Nodes can be connected in a triangle (A sends to B and C,
B sends to A and C, C sends to A and B) or a fully
connected square (all corners of the square send to all
of the other corners). This method is useful for getting
EchoMail messages to each node as quickly as possible.

All of these efficiency guidelines have to be tempered with
the guidelines dealing with keeping duplicate messages from
being exported. Duplicates will occur in any topology that
forms a closed polygon that is not fully connected. Take for
example the following configuration:

A ----- B
| |
| |
C ----- D

This square is a closed polygon that is not fully connected.
It is capable of generating duplicates:

1. A message is entered on node A.

2. Node A exports the message to node B and node C placing
the seen-by for A, B, and C in the message as it does so.

3. Node B sees that node D is not listed in the seen-by and
exports the message to node D.

4. Node C sees that node D is not listed in the seen-by and
exports the message to node D.

At this point node D has received the same message twice - a
duplicate was generated.

Normally a "dup-ring" will not be as simple as a square.
Generally it will be caused by a system on one end of a long
chain accidentally connecting to a system on the other end of
the chain. This causes the two ends of the chain to become
connected, forming a polygon.

In FidoNet this problem is reduced somewhat by having a
regional EchoMail star distribution architecture that
maintains EchoMail connections within regions of the world.
Within that architecture only a small number of prearranged
systems (regional collection systems) make inter-regional
connections.

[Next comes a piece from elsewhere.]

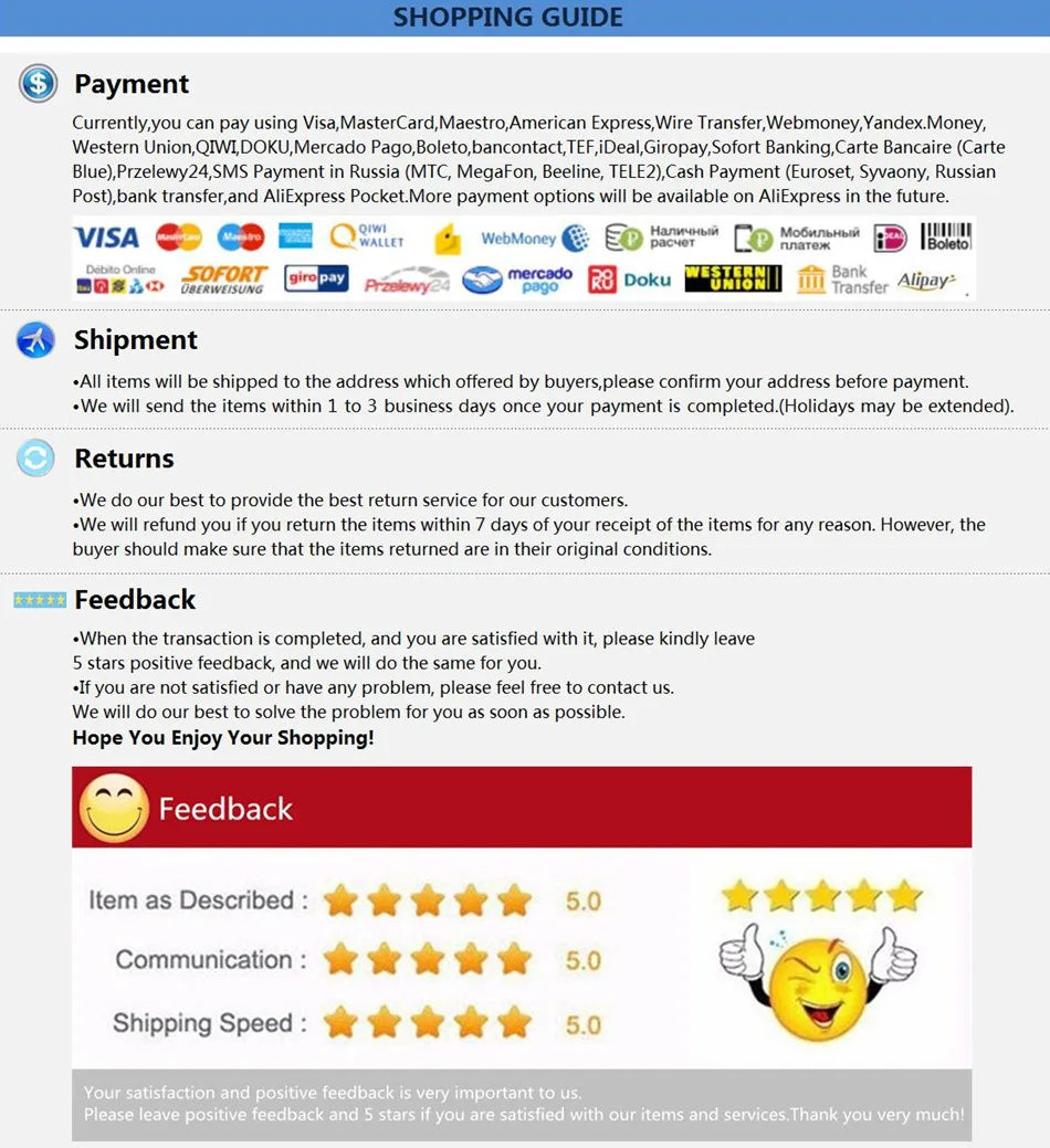 5. Due to lighting effects, monitor's brightness / contrast settings etc, there could be some slight differences in the color tone of the pictures and the actual item!
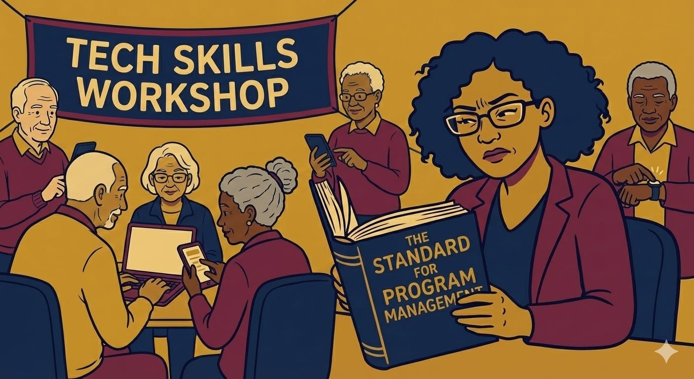 Zosia’s Challenge: Our fictional protagonist today is Zosia ( “ZAW-shah”, rhymes with “Sasha”), a program management professional (PgMP*) at a large non-profit organization. Zosia has led a program for the past four years, helping older adults learn to use new technologies to support their healthcare journeys (such as telemedicine, remote monitoring, wellness apps, and the like).

This architecture, along with multiple daily
connections, results in an efficient topology which typically
allows global distribution within 24 hours.

THE PATH LINE AND TOPOLOGY

The PATH line stores the net/node numbers of each system
having actually processed a message. This information is
useful in correcting the biggest problem encountered by nodes
running an Echomail compatible system - the problem of finding
the cause of duplicate messages. How does the PATH line help
solve this problem? Take the following path line as an
example:

^APATH: 107/6 107/312 132/101

This shows that the message was processed by system 107/6 and
transferred to system 107/312. It further shows system
107/312 transferred the message to 132/101, and 132/101
processed it again. Here's another example:

^APATH: 107/6 107/312 107/528 107/312 132/101

This shows the message having been processed by node 107/312
on more than one occasion. Based upon the earlier description
of the 'information control' fields in Echomail messages, this
identifies an error in processing. This further shows node
107/528 as the node which apparently processed the message
incorrectly. In this case the path line can be used to help
locate the source of duplicate messages or topology problems.

In a conference with many participants it becomes almost
impossible to determine the exact topology used. In these
cases the use of the path line can help a moderator or
distributor of a conference track any possible breakdowns in
the overall topology, while not substantially increasing the
amount of information transmitted. Having this small amount
of information added to each message pays for itself very
quickly when it can be used to help detect a topology problem
causing duplicate messages to be transmitted to each system.